=== Begin Enclosure ===

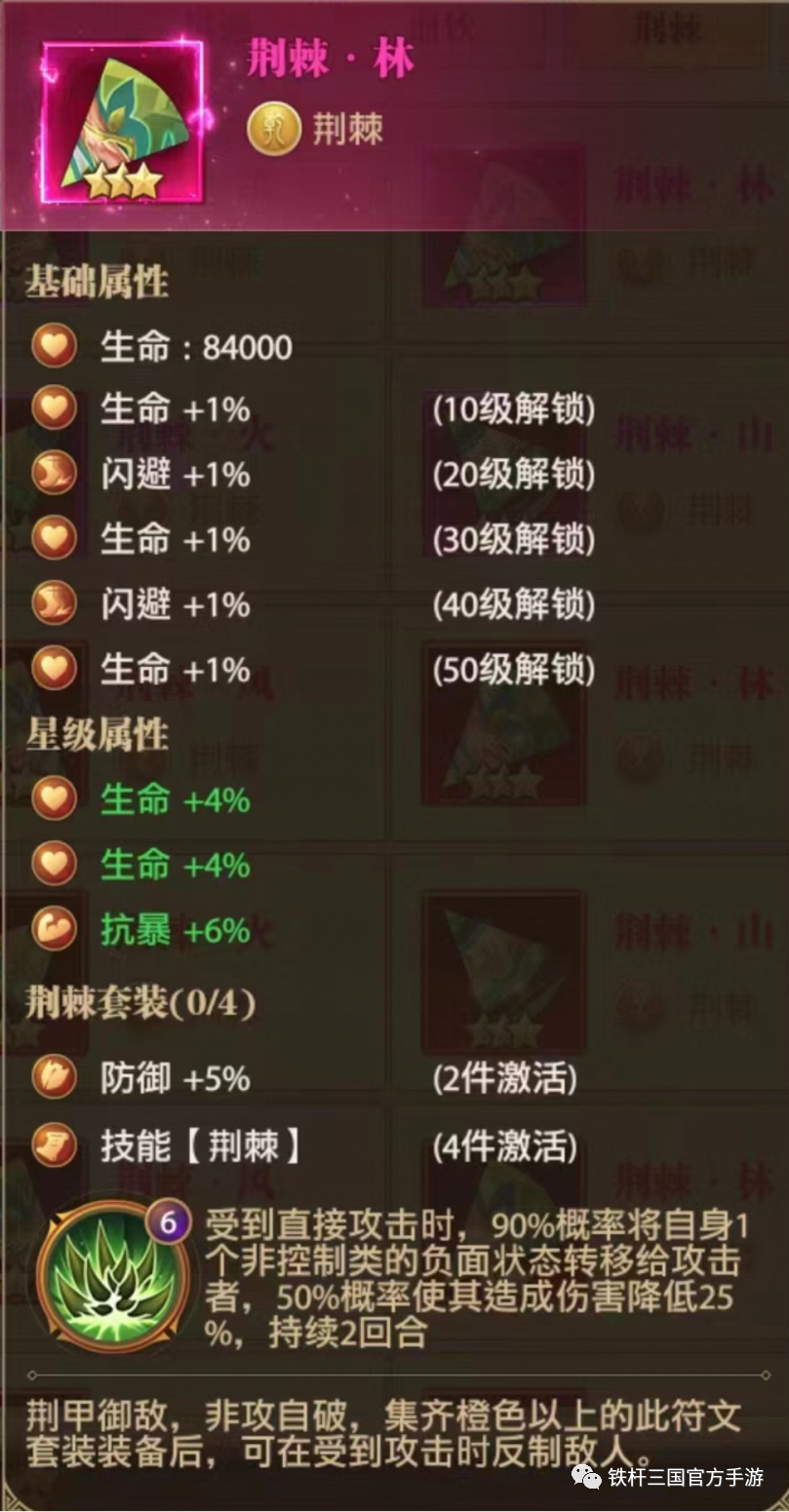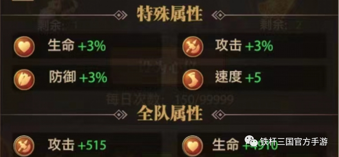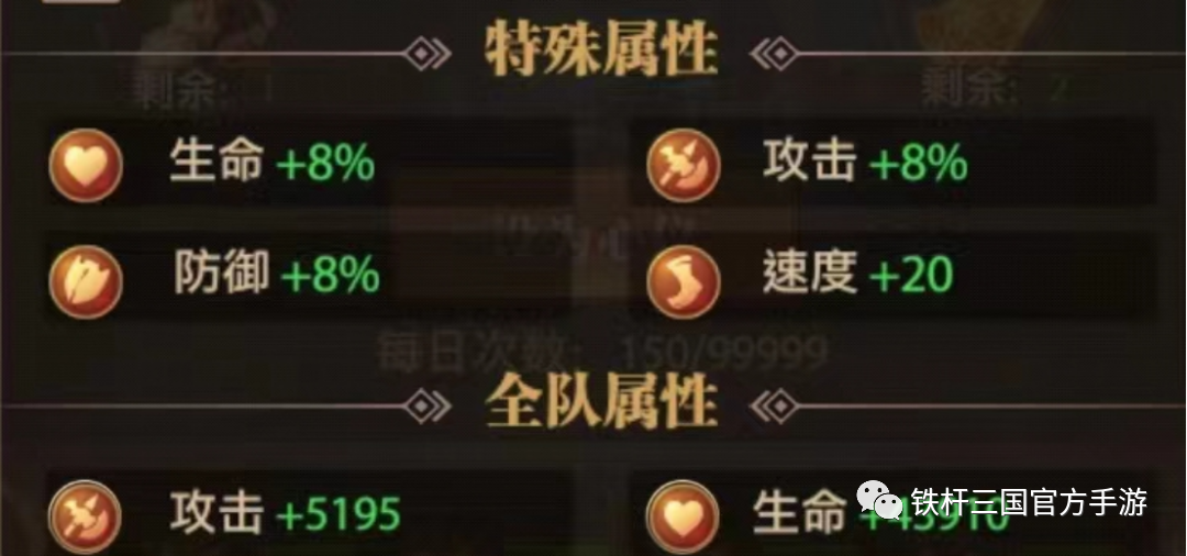 专属属性:生命+3%、攻击+3%、防御+3%、速度+5
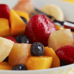 Pour sauce over fruit salad. Mix to coat fruit. If using, mix in mint, coconut, and almonds.
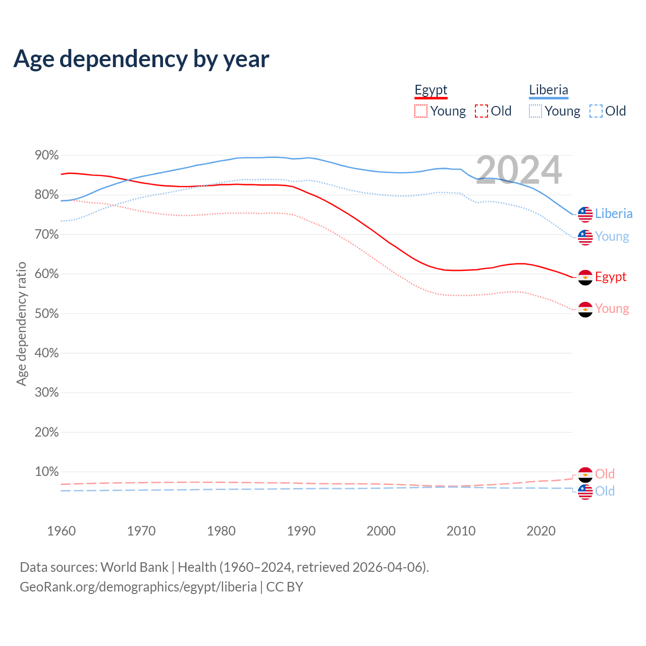 The share of older people aged 65 and over is 5.12% in Egypt and 3.3% in Liberia. Life expectancy in Egypt compared to Liberia .
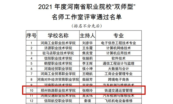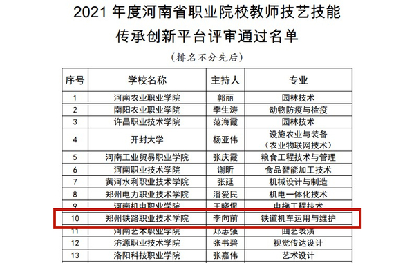 5月24日,河南省教育厅办公室下发《关于公布2021年度河南省职业院校“双师型”名师工作室和教师技艺技能传承创新平台名单的通知》(教办职成〔2022〕170 号),我校张晓玲老师负责的铁道交通运营管理团队获批“双师型”名师工作室,铁道机车运用与维护专业李向前团队获批教师技艺技能传承创新平台,我校传承创新平台实现“零”突破。

=== End Enclosure ===

Keeping every word as it is, write out all the data and omit the pictures.

• **Answer to this task**:
 专属属性:生命+3%、攻击+3%、防御+3%、速度+5
 Pour sauce over fruit salad. Mix to coat fruit. If using, mix in mint, coconut, and almonds.
 The share of older people aged 65 and over is 5.12% in Egypt and 3.3% in Liberia. Life expectancy in Egypt compared to Liberia .
 5月24日,河南省教育厅办公室下发《关于公布2021年度河南省职业院校“双师型”名师工作室和教师技艺技能传承创新平台名单的通知》(教办职成〔2022〕170 号),我校张晓玲老师负责的铁道交通运营管理团队获批“双师型”名师工作室,铁道机车运用与维护专业李向前团队获批教师技艺技能传承创新平台,我校传承创新平台实现“零”突破。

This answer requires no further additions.